On the Tuesday night after making tough work of beating Waterford in the All-Ireland semi-final, Matthew Twomey and the Cork management summoned the players for a debrief.
Held scoreless for most of the first half, five points down early in the second half and only moving ahead for the first time with 56 minutes on the clock, there was much to discuss.
“It went on for a good hour and a half,” said Twomey of the meeting. “We had a frank chat about it.
“We put up a video and we left that to be self-explanatory. We went through a lot of clips. We were just saying, ‘this is not good enough, it’s not what we have worked at’. That was probably the disappointing factor, that we’d worked so hard on doing the proper things and we just went away from it.
“You can’t say it was inexperience because we were in last year’s All-Ireland final. And we were in the National League final, so it was just frustrating. I think the players held their hands up and said, ‘yeah, we lost the run of it’. So as I say, it’s back in their court now.”
Cork beat Waterford by five points in the end, pretty much as anticipated given that Waterford competed in Division Two this year. So was Twomey genuinely worried or simply taking the opportunity to demand an increase in standards ahead of the final?
“Yeah, I was [worried], there’s no point bluffing,” he said. “I know there’s leaders out on the field but you’re looking and saying, ‘where’s it going to come from?’ Because we were panicking when hitting the ball, the runs were all wrong, they were coming too deep, you were just saying to yourself, ‘who is out there that’s going to turn it around?’”
It turned out Twomey did have a player to turn things around though she was sitting behind him. Ashling Thompson. With 22 minutes on the clock, and only freshly cleared that morning of a two-match ban, the Milford colossus was brought on.
One passage of play from the third quarter of the game summed up her industry and the huge impact she had on the game, the four-time All-Ireland winner turning the ball over to win back possession in Cork’s defence and beginning a move that resulted in a Fiona Keating point.
Why she wasn’t available to start in the first half takes a little more explaining.
Sent off in their final round-robin game against Tipperary, reportedly for abusive language, the appeal process that Cork initiated dragged on and on and on.
“I rang her on the Friday night and I said, ‘I don’t think for your welfare that it would be right to start you if the appeal comes good’,” said Twomey.
“She was very unsettled. When she came into the team meeting she was drained, she was ashen. I just thought, ‘no way can we start her’. I had a quick word with her in the warm up, she looked okay but it did unsettle us, there’s no two ways about it.”

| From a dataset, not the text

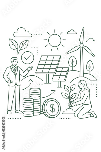 Green Energy Concept Illustration, Sustainability Environment, esg business
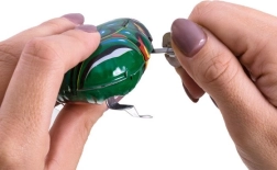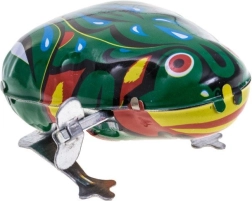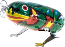 Această drăguță broască de jucărie este fabricată din metal într-o culoare verde frumoasă și este acționată de un mecanism cu arc ce se întinde cu cheița. Broasca aduce un zâmbet pe fața tuturor generațiilor. Datorită dimensiunilor mici, încape ușor în mâna copilului și este perfectă pentru momente haioase, cum ar fi atunci când este ascunsă într-o geantă. Asigurați-vă că o aveți ca talisman pentru noroc!

Only Twomey, Fitzgerald and Thompson herself were aware that the final appeal was taking place and the players and wider management team were only informed that it had been successful when they got off the train in Dublin, hours before throw-in.
“We knew there was a couple of indiscretions we’ll say in the ruling of it and when we questioned that . . .like, we brought nothing else forward on the second appeal and it was cleared,” said Twomey.
“That’s the frustrating part of it, it could have been sorted much earlier, that we wouldn’t have had to wait until the last minute. We brought nothing new to the table.”
There was a similar situation before last year’s final loss to Galway when Cork’s Orla Cronin was granted interim relief by the Disputes Resolution Authority to play. She’d been dismissed in the semi-final against Kilkenny and eventually got word in the run up to the decider that she could play.
“It was a quarter to 12 the night before an All-Ireland final,” recalled Twomey. “It was tough going, very tough on Orla, but on all of us. We had other players lined up to start and we had to go talking to them on the Sunday morning, that they’re not starting.”
There will be no such drama this week at least and it would be a surprise if Thompson isn’t restored to first team duty for the clash with Kilkenny.
“After the frank discussion we had with them, we asked them to just embrace it really,” said Twomey of the final build-up.
“I suppose we know ourselves that if we bring our best we’ll be hard to beat but if it’s anything less, we’re in trouble.”